++++ Data listing
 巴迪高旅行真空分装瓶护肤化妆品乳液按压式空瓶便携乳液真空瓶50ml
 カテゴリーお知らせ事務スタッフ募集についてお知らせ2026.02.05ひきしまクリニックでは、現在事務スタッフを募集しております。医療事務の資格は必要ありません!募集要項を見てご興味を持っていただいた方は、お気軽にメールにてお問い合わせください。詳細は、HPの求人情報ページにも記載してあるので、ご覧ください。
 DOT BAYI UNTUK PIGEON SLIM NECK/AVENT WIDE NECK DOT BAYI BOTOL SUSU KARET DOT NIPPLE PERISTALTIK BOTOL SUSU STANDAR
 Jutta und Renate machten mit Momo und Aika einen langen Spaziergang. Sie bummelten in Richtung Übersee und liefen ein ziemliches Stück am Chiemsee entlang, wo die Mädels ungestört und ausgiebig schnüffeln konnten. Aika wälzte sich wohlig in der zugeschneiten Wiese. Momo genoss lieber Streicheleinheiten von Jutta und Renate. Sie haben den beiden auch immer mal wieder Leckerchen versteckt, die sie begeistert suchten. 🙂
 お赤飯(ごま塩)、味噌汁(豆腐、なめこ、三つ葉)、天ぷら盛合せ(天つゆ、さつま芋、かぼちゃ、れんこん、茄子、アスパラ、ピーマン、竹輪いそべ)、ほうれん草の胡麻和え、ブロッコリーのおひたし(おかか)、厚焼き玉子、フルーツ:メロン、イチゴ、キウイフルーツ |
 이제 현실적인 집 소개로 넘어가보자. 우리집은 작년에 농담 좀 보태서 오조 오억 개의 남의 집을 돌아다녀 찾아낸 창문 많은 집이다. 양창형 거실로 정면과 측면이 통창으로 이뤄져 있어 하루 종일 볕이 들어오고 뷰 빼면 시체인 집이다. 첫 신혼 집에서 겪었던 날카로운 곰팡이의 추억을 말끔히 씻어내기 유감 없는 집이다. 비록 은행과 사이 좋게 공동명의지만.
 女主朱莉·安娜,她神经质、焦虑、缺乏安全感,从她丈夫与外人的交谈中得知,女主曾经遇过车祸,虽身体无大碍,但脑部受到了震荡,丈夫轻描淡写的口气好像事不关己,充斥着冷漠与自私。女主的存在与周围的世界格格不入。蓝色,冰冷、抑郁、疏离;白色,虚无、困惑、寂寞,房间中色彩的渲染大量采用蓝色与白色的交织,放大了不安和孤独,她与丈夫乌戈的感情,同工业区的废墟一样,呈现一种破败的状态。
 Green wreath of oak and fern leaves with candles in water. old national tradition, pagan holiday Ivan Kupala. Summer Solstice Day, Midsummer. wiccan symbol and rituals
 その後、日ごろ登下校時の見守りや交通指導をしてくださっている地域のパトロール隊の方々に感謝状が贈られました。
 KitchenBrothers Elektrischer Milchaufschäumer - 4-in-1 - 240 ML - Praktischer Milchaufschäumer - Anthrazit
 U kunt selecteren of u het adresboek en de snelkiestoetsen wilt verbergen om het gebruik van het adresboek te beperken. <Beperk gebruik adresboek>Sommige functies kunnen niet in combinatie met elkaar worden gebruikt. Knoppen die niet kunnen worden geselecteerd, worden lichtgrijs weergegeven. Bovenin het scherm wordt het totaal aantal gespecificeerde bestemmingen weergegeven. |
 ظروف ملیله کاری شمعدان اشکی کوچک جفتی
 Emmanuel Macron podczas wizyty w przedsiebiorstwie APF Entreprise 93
++++++++
All lines from the one with "KitchenBrothers Elektrischer Milchaufschäumer" through the final line of the listing above are to be restated word for word; the lines before it are left out.

 KitchenBrothers Elektrischer Milchaufschäumer - 4-in-1 - 240 ML - Praktischer Milchaufschäumer - Anthrazit
 U kunt selecteren of u het adresboek en de snelkiestoetsen wilt verbergen om het gebruik van het adresboek te beperken. <Beperk gebruik adresboek>Sommige functies kunnen niet in combinatie met elkaar worden gebruikt. Knoppen die niet kunnen worden geselecteerd, worden lichtgrijs weergegeven. Bovenin het scherm wordt het totaal aantal gespecificeerde bestemmingen weergegeven. |
 ظروف ملیله کاری شمعدان اشکی کوچک جفتی
 Emmanuel Macron podczas wizyty w przedsiebiorstwie APF Entreprise 93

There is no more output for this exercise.